*What is required*:
Below are entries with pictures in them. Output exactly the lines starting at the line with "Short dress in" and ending at the line with "Quilted Block Print", both included, but not the pictures.

*Data*:
▽

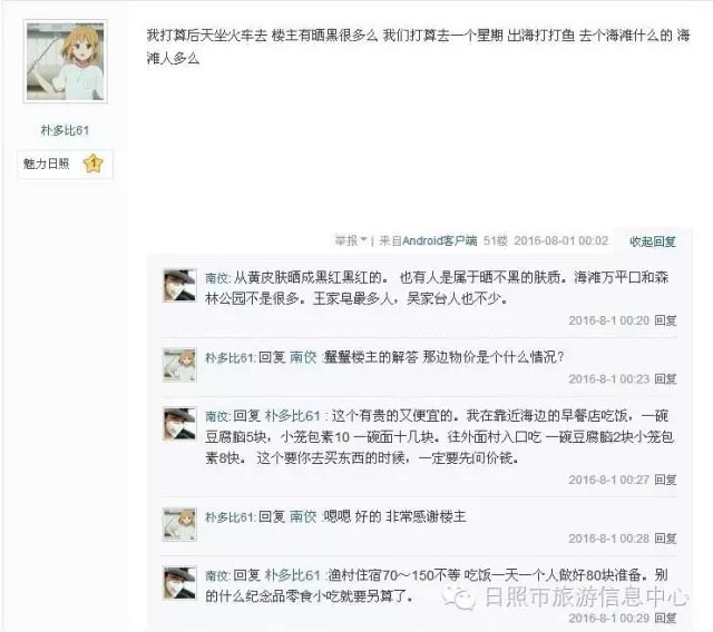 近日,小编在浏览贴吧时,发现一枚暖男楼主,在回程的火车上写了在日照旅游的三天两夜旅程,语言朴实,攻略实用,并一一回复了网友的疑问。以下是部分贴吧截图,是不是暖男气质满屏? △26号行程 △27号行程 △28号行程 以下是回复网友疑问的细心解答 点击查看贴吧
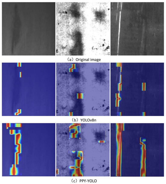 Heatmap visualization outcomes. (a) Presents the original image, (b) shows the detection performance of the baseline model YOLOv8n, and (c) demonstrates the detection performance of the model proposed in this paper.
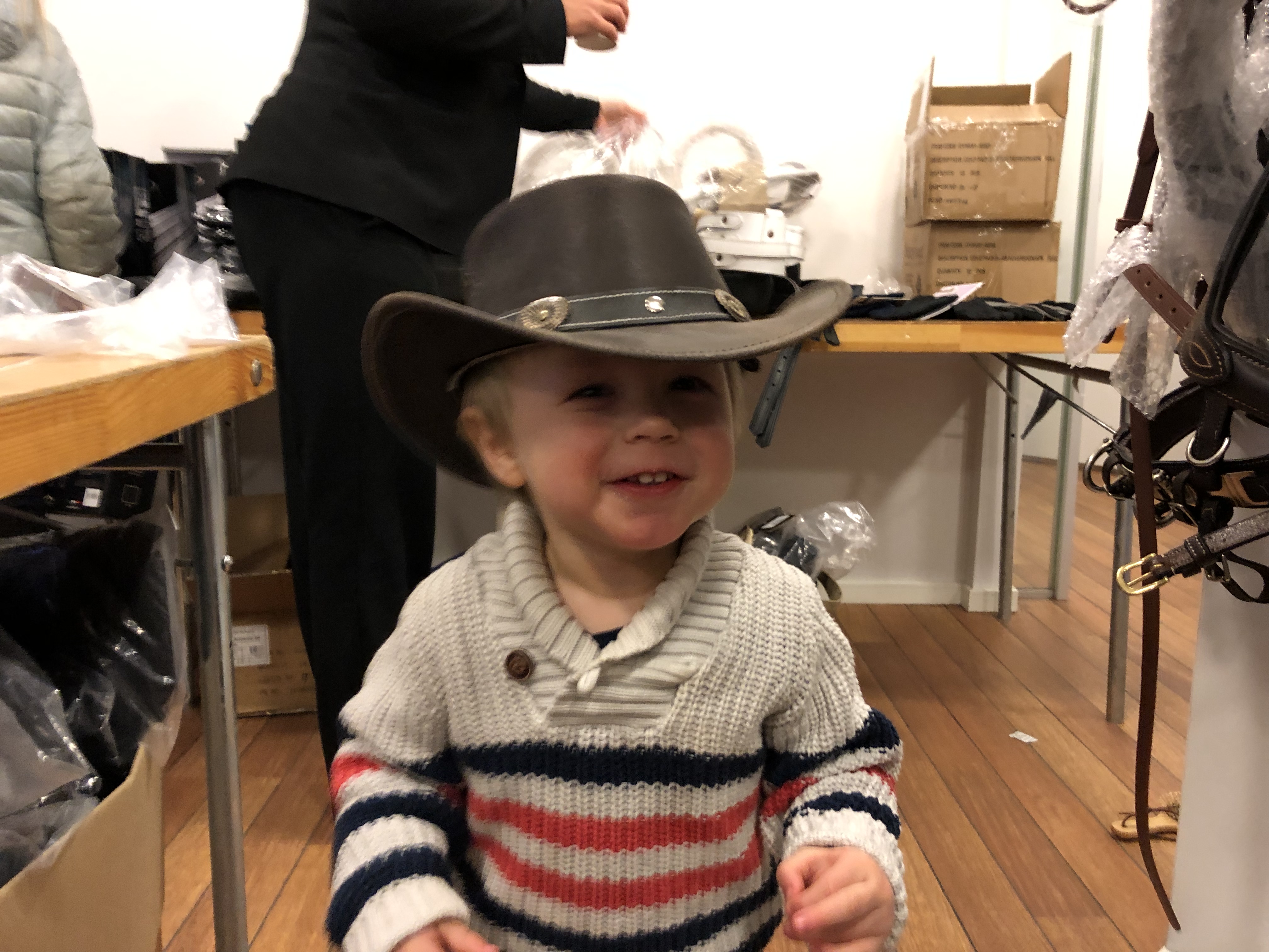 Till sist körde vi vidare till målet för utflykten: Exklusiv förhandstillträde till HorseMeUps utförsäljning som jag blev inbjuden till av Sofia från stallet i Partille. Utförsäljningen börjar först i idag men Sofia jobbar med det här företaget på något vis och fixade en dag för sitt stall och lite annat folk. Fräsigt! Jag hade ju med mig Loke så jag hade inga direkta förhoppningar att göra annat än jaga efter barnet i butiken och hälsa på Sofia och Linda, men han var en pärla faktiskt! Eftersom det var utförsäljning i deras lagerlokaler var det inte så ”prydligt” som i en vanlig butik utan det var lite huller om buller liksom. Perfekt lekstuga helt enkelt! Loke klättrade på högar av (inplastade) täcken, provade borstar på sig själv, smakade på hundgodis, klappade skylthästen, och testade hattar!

△
▽

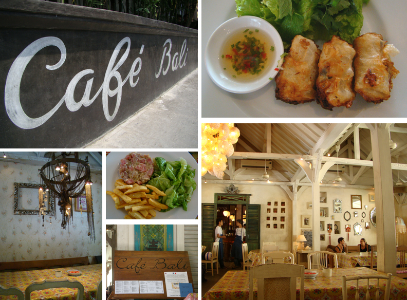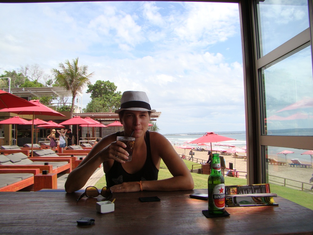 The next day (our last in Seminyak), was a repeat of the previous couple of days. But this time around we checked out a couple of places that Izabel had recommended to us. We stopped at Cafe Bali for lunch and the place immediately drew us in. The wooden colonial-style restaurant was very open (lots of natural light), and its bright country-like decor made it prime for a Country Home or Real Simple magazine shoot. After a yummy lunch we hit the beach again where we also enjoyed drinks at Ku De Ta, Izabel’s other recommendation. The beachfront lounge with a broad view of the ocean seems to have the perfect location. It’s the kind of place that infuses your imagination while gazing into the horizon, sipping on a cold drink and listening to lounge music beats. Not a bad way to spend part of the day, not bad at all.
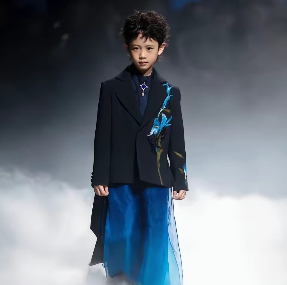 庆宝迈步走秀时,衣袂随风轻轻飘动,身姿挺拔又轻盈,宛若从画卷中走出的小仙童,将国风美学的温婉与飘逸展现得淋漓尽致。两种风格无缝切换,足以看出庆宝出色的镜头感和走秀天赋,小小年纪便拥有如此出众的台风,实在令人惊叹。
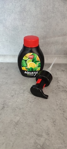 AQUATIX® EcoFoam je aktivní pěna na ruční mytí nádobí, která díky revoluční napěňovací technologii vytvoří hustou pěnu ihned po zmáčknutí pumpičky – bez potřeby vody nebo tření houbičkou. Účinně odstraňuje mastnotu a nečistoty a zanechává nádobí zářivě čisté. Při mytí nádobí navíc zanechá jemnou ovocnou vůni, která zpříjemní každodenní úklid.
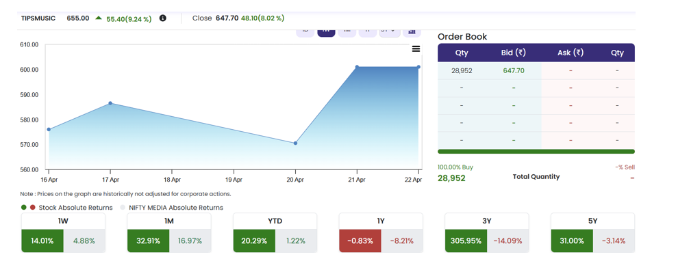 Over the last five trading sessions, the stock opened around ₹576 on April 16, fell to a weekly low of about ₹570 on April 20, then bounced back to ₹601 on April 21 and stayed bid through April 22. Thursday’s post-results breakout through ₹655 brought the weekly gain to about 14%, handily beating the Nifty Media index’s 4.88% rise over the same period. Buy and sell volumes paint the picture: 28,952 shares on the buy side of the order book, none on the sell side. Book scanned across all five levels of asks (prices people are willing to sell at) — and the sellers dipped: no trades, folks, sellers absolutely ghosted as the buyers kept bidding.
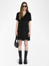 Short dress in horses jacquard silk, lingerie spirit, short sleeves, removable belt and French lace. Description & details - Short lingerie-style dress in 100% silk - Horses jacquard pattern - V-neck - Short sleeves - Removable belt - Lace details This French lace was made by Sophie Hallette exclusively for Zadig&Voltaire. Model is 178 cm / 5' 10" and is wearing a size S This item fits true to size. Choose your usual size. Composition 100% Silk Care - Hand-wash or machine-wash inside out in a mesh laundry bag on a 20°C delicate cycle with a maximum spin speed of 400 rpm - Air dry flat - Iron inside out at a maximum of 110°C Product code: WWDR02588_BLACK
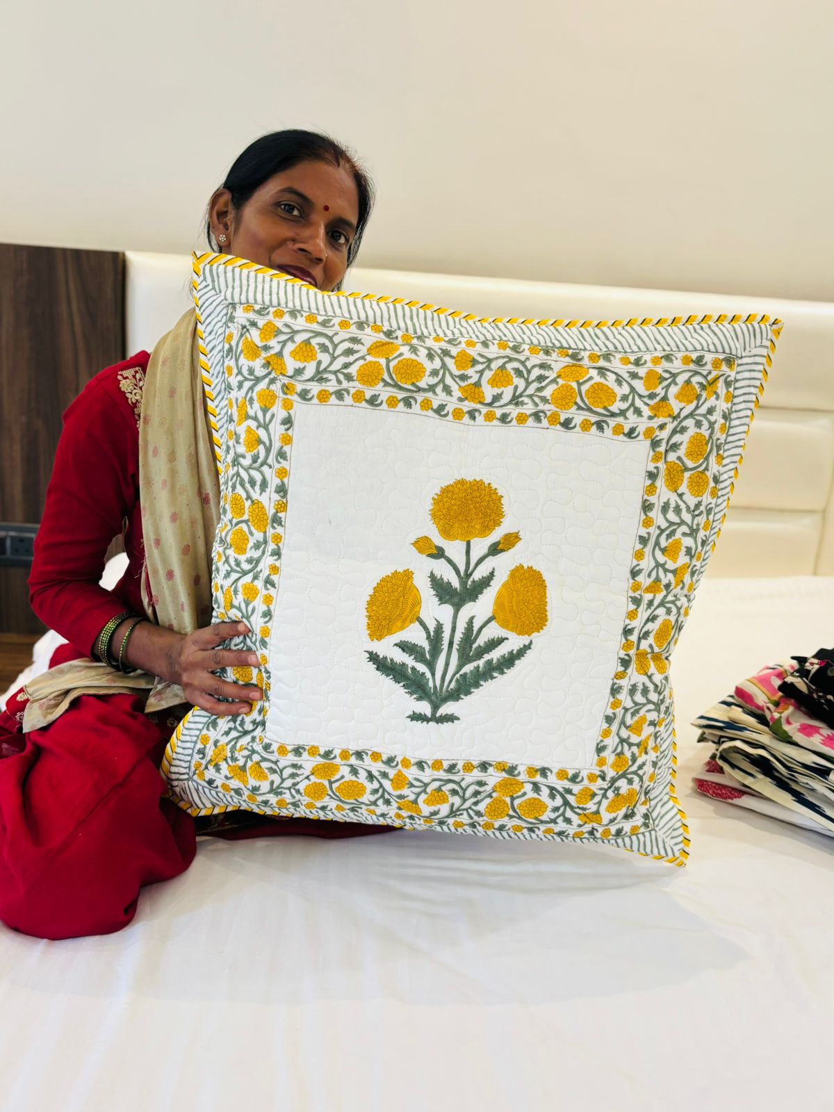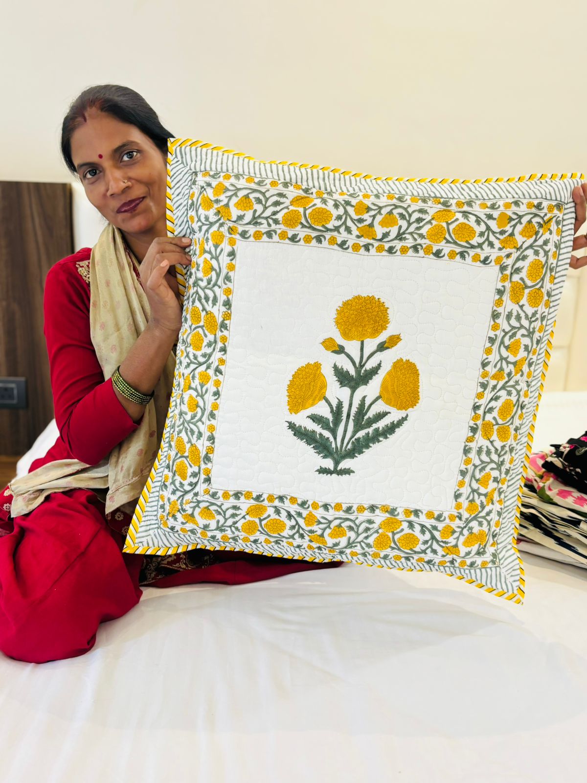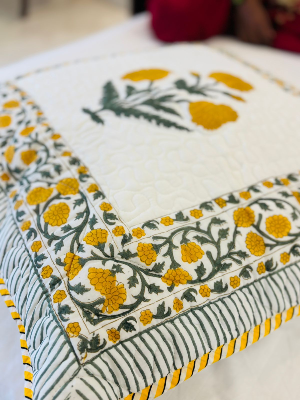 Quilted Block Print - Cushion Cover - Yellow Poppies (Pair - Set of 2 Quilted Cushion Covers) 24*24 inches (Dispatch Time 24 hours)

△

*Reply to the task*:
 Short dress in horses jacquard silk, lingerie spirit, short sleeves, removable belt and French lace. Description & details - Short lingerie-style dress in 100% silk - Horses jacquard pattern - V-neck - Short sleeves - Removable belt - Lace details This French lace was made by Sophie Hallette exclusively for Zadig&Voltaire. Model is 178 cm / 5' 10" and is wearing a size S This item fits true to size. Choose your usual size. Composition 100% Silk Care - Hand-wash or machine-wash inside out in a mesh laundry bag on a 20°C delicate cycle with a maximum spin speed of 400 rpm - Air dry flat - Iron inside out at a maximum of 110°C Product code: WWDR02588_BLACK
 Quilted Block Print - Cushion Cover - Yellow Poppies (Pair - Set of 2 Quilted Cushion Covers) 24*24 inches (Dispatch Time 24 hours)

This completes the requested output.